Tom con un suspiro hondo se relajó e intento poner la mente en blanco para intentar conciliar el sueño y dejar el nerviosismo que tenía en el cuerpo por el hecho de que era la primera vez que dormía con Bill y temía perder el control, tenía que cuidar de él, no caer en sus juegos de seducción ni nada por el estilo y le estaba costando.
—Tom, ¿cómo eran tus padres?—Susurró Bill rompiendo el silencio de la habitación.
—No lo sé.—Respondió sin ser consciente de su respuesta.
—¿Cómo que no lo sabes?—Preguntó confuso.
—No quiero hablar de eso, de verdad duérmete ya o me voy.
—Vale, vale ya me duermo. Lo siento, no te enfades, ahora mismo eres lo único que tengo.—Se abrazó a Tom, apoyándose por fin en el pecho de su hermano.
—No me enfado, pero necesitas descansar para recuperarte del todo.
—Vale… ¿Mañana quieres venir a comer o cenar conmigo? Así no estás solo el día de tu cumpleaños.

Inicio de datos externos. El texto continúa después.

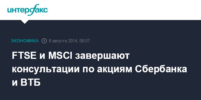 Москва. 8 августа. INTERFAX.RU - Индексный провайдер FTSE завершит в пятницу сбор мнений инвестиционного сообщества по поводу возможных вариантов своих действий в отношении ВТБ и Сбербанка РФ, подпавших под западные санкции. Индексная компания MSCI объявит результаты аналогичного опроса в ночь с 8 на 9 августа по московскому времени.

Y si quieres puedo llamar a mis amigos Georg y Gustav, seguro que os lleváis bien.—Le dijo Bill invitándolo.
—Mañana lo hablamos con más calma cuando despertemos, por favor.
Finalmente Bill ya no abrió la boca para decir absolutamente nada, no quería que Tom realmente se marchara y le dejara solo, así que optó por relajarse con el sonido de su corazón hasta que finalmente cayo rendido en sueños.
En cambio Tom no pudo dormirse con tranquilidad, para el ya era una rutina intentar ponerse a pensar en su pasado, para intentar recordar algo de su vida, pero como la gran mayoría de las veces con un resultado nulo.
Las imágenes aparecían en su mente muy esporádicamente y no le desvelaban ningún rostro o lugar que conociera, él se esforzaba el recordar pero si lo hacia mucho acababa con un dolor de cabeza insoportable.
Suspiró y miró a Bill dormir tranquilamente sobre él, no pudo dejar pasar por desapercibido volver a observar su perfecto rostro que tenia mucha similitud al de él. Una media sonrisa nostálgica apareció en su rostro y luego beso la frente de Bill con mucha dulzura.
—Tom…—Murmuró Bill cuando Tom le besó y se apegó mas a su cuerpo.
—Estoy aquí…— Le dijo él, pero lo que no sabia es que no se refería a la persona que estaba a su lado, si no a su hermano, sin saber que ambos eran la misma persona.
A continuación Tom ya si intentó dormirse, si no mañana estaría de mal humor.
Durante la noche Bill estuvo algo inquieto por la fiebre que pasada la media noche volvió a subirle, Tom lo sintió por el calor que irradiaba la piel al contacto con la suya.
Se levantó de la cama con cuidado procurando no despertar a Bill, se acercó a una armario para coger una manta más y así poder ponérsela en la cama.
Cuando la tuvo, se dirigió hacia la cama donde dormía Bill y la extendió sobre su cuerpo para luego taparle para que no cogiera frío, ya que el cuerpo estaba muy sudado a causa de la fiebre, así que Tom cubrió su cuerpo para que estuviera mejor tapado y así sudará más y propiciará que la fiebre le bajará antes.
Después de eso Tom cogió otra manta, y se tumbo en el sofá que Bill tenía al lado de la ventana del cuarto, y se tapo con ella mientras que velaba los sueños de su acompañante.
Poco a poco el cansancio fue haciendo mella, hasta que finalmente se quedo dormido.